The Council also offers interest free loans of up to £10,000 (administration fee payable) through the Home Energy Loan Plan (HELP) to help fund sustainable energy investment – mainly aimed at older people or those being discharged from hospital where poor quality heating might be a barrier to returning home.

A Warm Homes Manchester scheme will access some £150mn of available national funding. This will help to install low carbon central heating and improve insulation for an initial 50 homes.

Together with Greater Manchester Combined Authority, the Council are also working with organisations to maximise and deliver energy improvements to low-income eligible households under the government’s Energy Company Obligation 4 (ECO4) scheme.

Manchester’s zero carbon story so far:

To date, significant progress and investment has been made towards city-wide retrofitting projects.

£83mn has been spent on energy efficiency improvements to Council properties in north Manchester since 2005 leading to a 49% reduction in CO2 emissions (from 55,000 to 28,000 tonnes of CO2) in the homes that have received investment.

2,100 Residents received energy advice since 2013, saving them an estimated £370k and 500 tonnes of CO2.

Investment in the Council’s own stock to date includes:

External insulation to 1,600 solid wall properties and 14 high-rise blocks of flats

Cavity wall insulation to 5,100 homes and top-up loft insulation to 7,000 homes

Installation of 580 heat pumps and 2,350 solar photovoltaic (PV) systems

This investment has been supported by £12mn contribution in the form of external grants to since 2010.

Cllr Gavin White, Manchester City Council’s executive member for housing and development, said:  “Housing is a major source of carbon usage and therefore investing in energy efficiency measures is a key element of our journey to become a zero carbon city by 2038. This £60mn represents the biggest investment in low carbon retrofit works in our history and is testament to our commitment to reducing our collective carbon emissions.

“The challenge is significant but one we need to tackle head on. We have around 70,000 social rented homes in the city – 16,000 owned by the Council – and we have committed to retrofitting 60% of those that we own by 2032.

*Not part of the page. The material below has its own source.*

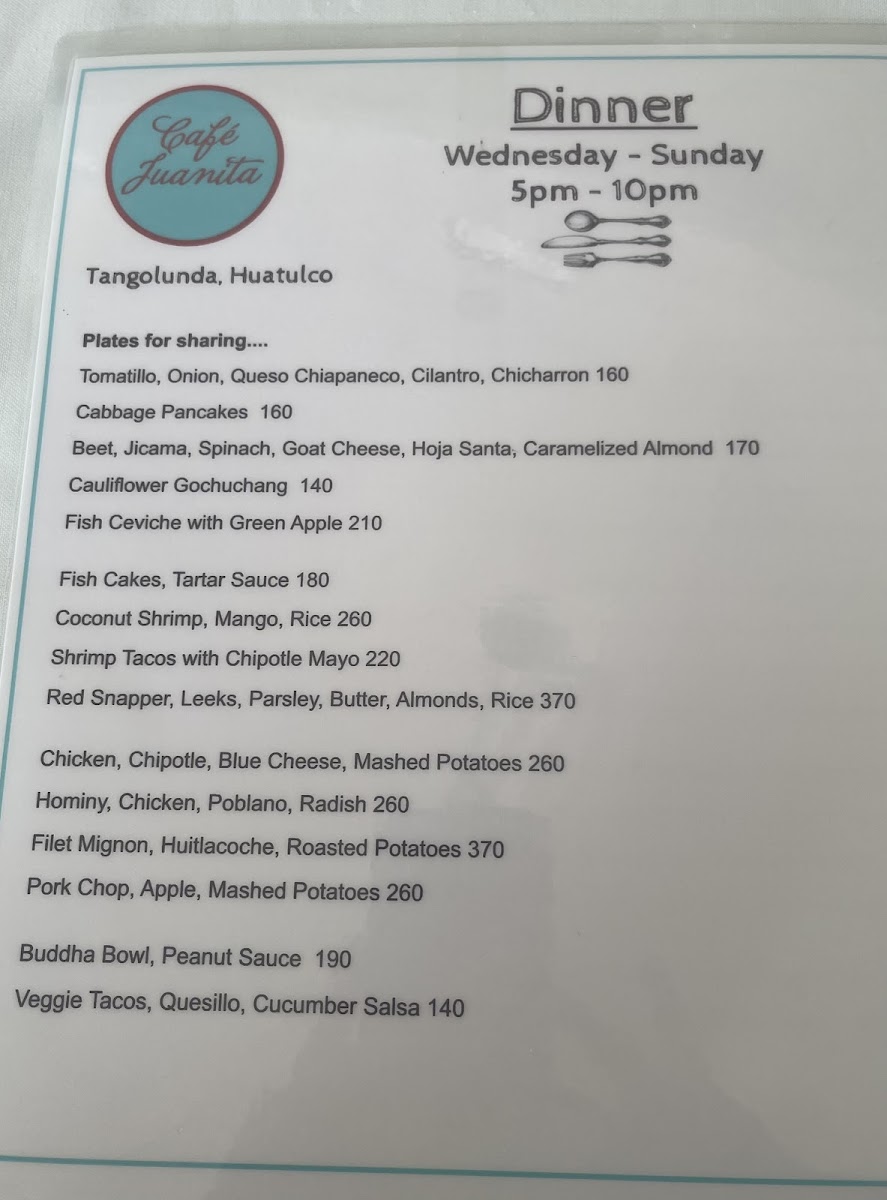 Welcome to Café Juanita, a hidden gem nestled in Tangolunda, Oaxaca. This charming café combines fresh, local ingredients with a serene atmosphere, making it an ideal spot for breakfast, brunch, or dinner. Guests rave about the exceptional flavors—highlighted by the standout maquina verde juice and the mouthwatering fish tacos, particularly popular among resort-goers tired of typical fare.

“We also need residents to come on this journey with us. These works will require us to work directly with Council tenants and private owners – and although inevitably there will be some short term disruption, the end product is warm, healthier, more efficient – and ultimately cheaper to run – homes for our residents.”

Cllr Tracey Rawlins, Manchester City Council’s executive member for environment and transport, said: “This is an incredibly ambitious investment by the Council helping to retrofit homes in the city that are in the most part dominated by pre-war and mid-century proeprties, many with lower standards of insulation and poor energy performance ratings.

“Retrofitting older housing is an emerging field that requires a broad range of works and is currently very expensive. We would urge for more national funding to be made available to support Councils to invest in our homes and support our journey to zero carbon.

“However, there is also opportunity here. A broad range of skills are required with significant opportunities for work in the coming years to meet the retrofit agenda. In the last year alone, 500 people across Greater Manchester had gained the skills to meet the retrofit challenge and we would encourage people to find out how they can get involved.”